The NHDPlus Version 1.0 is an integrated suite of application-ready geospatial data sets that incorporate many of the best features of the National Hydrography Dataset (NHD) and the National Elevation Dataset (NED). The NHDPlus includes a stream network (based on the 1:100,000-scale NHD), improved networking, naming, and value-added attributes (VAAs). NHDPlus also includes elevation-derived catchments (drainage areas) produced using a drainage enforcement technique first broadly applied in New England, and thus dubbed The New-England Method. This technique involves burning-in the 1:100,000-scale NHD and when available building walls using the national Watershed Boundary Dataset (WBD). The resulting modified digital elevation model (HydroDEM) is used to produce hydrologic derivatives that agree with the NHD and WBD. An interdisciplinary team from the U. S. Geological Survey (USGS), U.S. Environmental Protection Agency (USEPA), and contractors, over the last two years has found this method to produce the best quality NHD catchments using an automated process.

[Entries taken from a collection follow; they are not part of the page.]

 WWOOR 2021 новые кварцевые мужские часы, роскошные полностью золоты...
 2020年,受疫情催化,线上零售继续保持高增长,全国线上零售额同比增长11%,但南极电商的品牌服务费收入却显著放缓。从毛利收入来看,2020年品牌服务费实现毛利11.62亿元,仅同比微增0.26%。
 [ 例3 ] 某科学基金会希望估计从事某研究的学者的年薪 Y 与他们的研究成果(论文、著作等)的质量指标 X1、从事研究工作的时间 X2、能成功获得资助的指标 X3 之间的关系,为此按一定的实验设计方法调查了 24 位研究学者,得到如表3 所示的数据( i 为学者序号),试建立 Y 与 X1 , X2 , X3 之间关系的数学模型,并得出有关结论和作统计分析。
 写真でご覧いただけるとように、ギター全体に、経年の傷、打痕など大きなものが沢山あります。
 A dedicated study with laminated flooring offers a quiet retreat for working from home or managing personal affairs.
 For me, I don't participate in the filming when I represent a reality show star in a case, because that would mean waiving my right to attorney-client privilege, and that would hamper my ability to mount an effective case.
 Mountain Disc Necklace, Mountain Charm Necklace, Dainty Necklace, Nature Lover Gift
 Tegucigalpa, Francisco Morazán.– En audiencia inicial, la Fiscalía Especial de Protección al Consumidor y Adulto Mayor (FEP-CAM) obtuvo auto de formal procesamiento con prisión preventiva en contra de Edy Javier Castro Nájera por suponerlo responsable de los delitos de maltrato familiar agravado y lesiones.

The VAAs include greatly enhanced capabilities for upstream and downstream navigation, analysis and modeling. Examples include: retrieve all flowlines (predominantly confluence-to-confluence stream segments) and catchments upstream of a given flowline using queries rather than by slower flowline-by-flowline navigation; retrieve flowlines by stream order; subset a stream level path sorted in hydrologic order for stream profile mapping, analysis and plotting; and, calculate cumulative catchment attributes using streamlined VAA hydrologic sequencing routing attributes.

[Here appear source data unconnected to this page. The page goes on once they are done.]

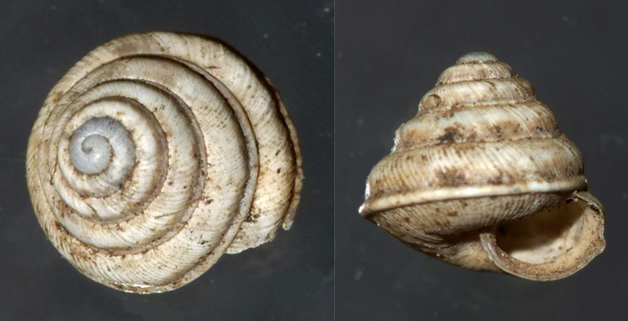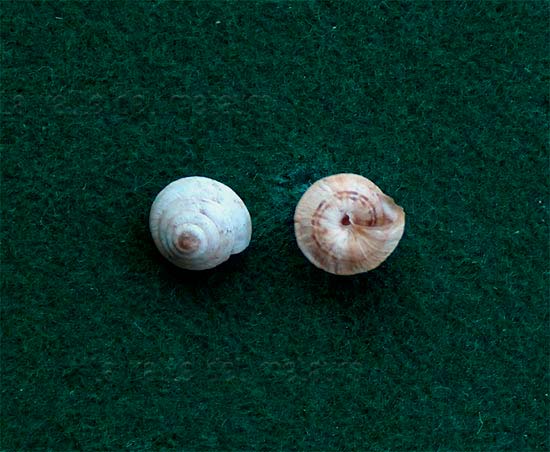 Trochoidea trochoides di 4,5 mm, zona erbosa del Campo d'Aviazione di Fano, agosto 2005
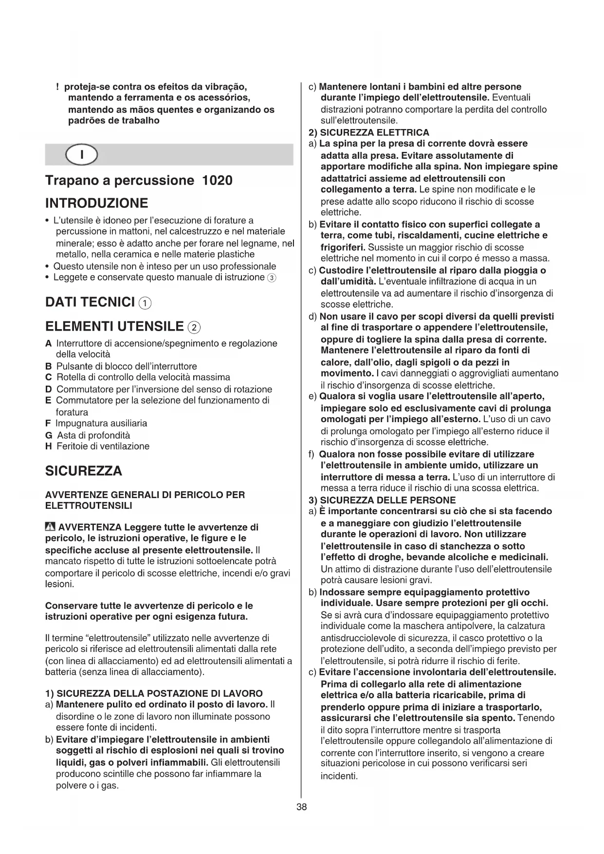 - Leggete e conservate questo manuale di istruzione 3 DATI TECNICI 1 ELEMENTI UTENSILE 2 A Interruttore di accensione/spegnimento e regolazione della velocità B Pulsante di blocco dell’interruttore C Rotella di controllo della velocità massima D Commutatore per l’inversione del senso di rotazione E Commutatore per la selezione del funzionamento di foratura F Impugnatura ausiliaria G Asta di profondità H Feritoie di ventilazione SICUREZZA
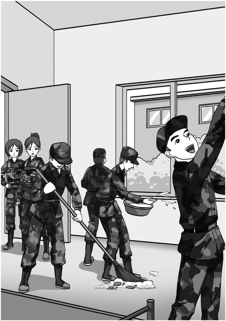 屋里的梅花雀、绿头鸭和华南虎都愣住了,心想这是怎么回事?三个人还没想明白,十来个男兵就走进来了。他们有的端着脸盆,有的拿着抹布,有的握着笤帚,进屋之后二话不说,就直接开始干活。

The VAAs include results from the use of these cumulative routing techniques, including cumulative drainage areas, precipitation, temperature, and land cover distributions. Several of these cumulative attributes are used to estimate mean annual flow and velocity as part of the VAAs.

NHDPlus contains a snapshot (2005) of the 1:100,000-scale NHD that has been extensively improved. While these updates will eventually make their way back to the central NHD repository at USGS, this will not have happened prior to distribution of NHDPlus because the update process for the central NHD repository is still in development. Consequently, the NHDPlus will contain some temporary database keys and, as a result, NHDPlus users may not make updates to the NHD portions of NHDPlus with the intent of sending these updates back to the USGS. Once the NHDPlus updates have been posted to the central NHD repository, a fresh copy of the improved data can be downloaded from the central NHD repository and that copy will be usable for data maintenance. Note that the NHDPlus products are tightly integrated and user modifications to the underlying NHD can compromise this synchronization.

The National Hydrography Dataset (NHD) - link to USGS website - is a feature-based database that interconnects and uniquely identifies the stream segments or reaches that make up the nation's surface water drainage system. NHD data was originally developed at 1:100,000 scale and exists at that scale for the whole country. High resolution NHD adds detail to the original 1:100,000-scale NHD. (Data for Alaska, Puerto Rico and the Virgin Islands was developed at high-resolution, not 1:100,000 scale.) Like the 1:100,000-scale NHD, high resolution NHD contains reach codes for networked features and isolated lakes, flow direction, names, stream level, and centerline representations for areal water bodies. Reaches are also defined to represent waterbodies and the approximate shorelines of the Great Lakes, the Atlantic and Pacific Oceans and the Gulf of Mexico. The NHD also incorporates the National Spatial Data Infrastructure framework criteria set out by the Federal Geographic Data Committee.NHD is used with other data themes such as elevation, boundaries, and transportation to produce general reference maps. The NHD is often used by scientists using GIS technology. GIS takes advantage of a rich set of attributes that can be processed to generate specialized information. These analyses are possible because the NHD contains a flow direction network that traces the water downstream or upstream. The NHD also uses an addressing system to link specific information about the water such as discharge rates, water quality, and fish population. Using the basic NHD attributes, flow network, linked information, and other characteristics, it is possible to study cause and affect relationships such as how a source of poor water quality upstream might affect a fish population downstream. The features in the NHD are organized into polygons, lines and points. The polygons most commonly portray waterbodies such as lakes while lines commonly portray streams. The stream lines are broken into shorter segments stretching from confluence-to-confluence. The segments are then linked together to trace the flow of water across the landscape. Flowlines attributed as artificial paths are added inside water bodies to maintain the flow network.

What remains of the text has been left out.